Monday, April 27th, 2009

As the number of people killed by swine flu in Mexico continues to climb, the health commissioner for the European Union has warned against non-essential travel to the United States and Mexico. Fariborz Ghadar, director of the Center for Global Business Studies at Penn State’s Smeal College of Business, says pandemics such as this will continue to present formidable challenges to world leaders in an age of globalization.

It is estimated that  it took 18 years for the bubonic plague to reach the shores of Europe from its origin in China and another 30  months to reach England from Venice. A couple years ago, when SARS hit Asia, it could have reached  Canada in 72 hours. Now, swine flu from Mexico is discovered in New Zealand before anyone knows what’s going on.

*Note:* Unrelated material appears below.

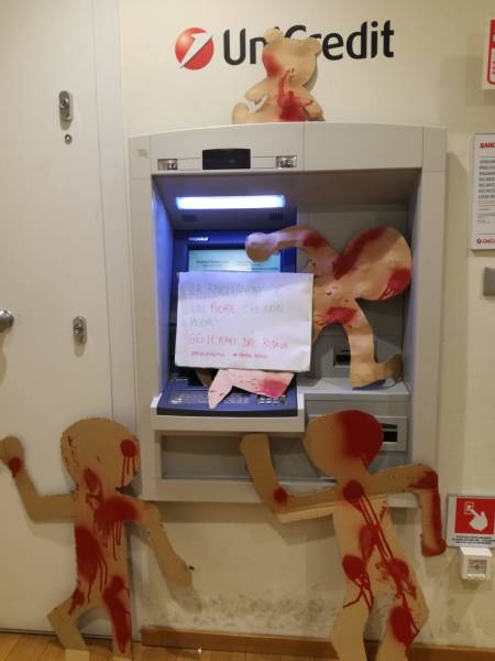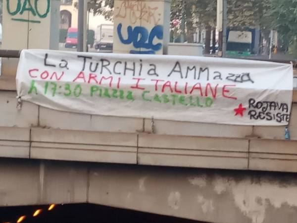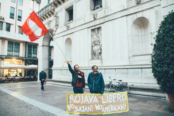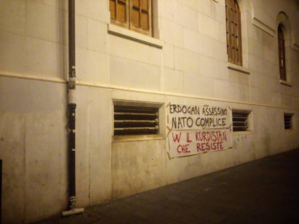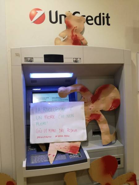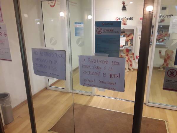 In many of the actions and rallies, activists drew attention the role of Italy in supporting the Turkish state, for example revealing the connections between banks and companies, e.g. Unicredit which owns Yapi Kredi, the most powerful public bank of Turkey, or the Leonardo S.p.A., an Italian armaments group which participated also in the so-called “Operation Olive Branch” which destroyed the Afrîn region of Rojava.

Some developed countries have systems to track, identify, and quarantine outbreaks such as this, but many developing countries simply cannot do it. Compounding the problem is the fact that very few national entities talk to one another. The current infrastructure leaves much to be desired.  To manage potential pandemics, we need  global mechanisms in place beforehand to handle situations like this as they arise, not after.

Ghadar is the co-author of “Global Tectonics: Underlying Trends Shaping the Future of Business.” The book identifies the 12 trends in technology, nature, and society that will present the most formidable challenges in the next 30 years.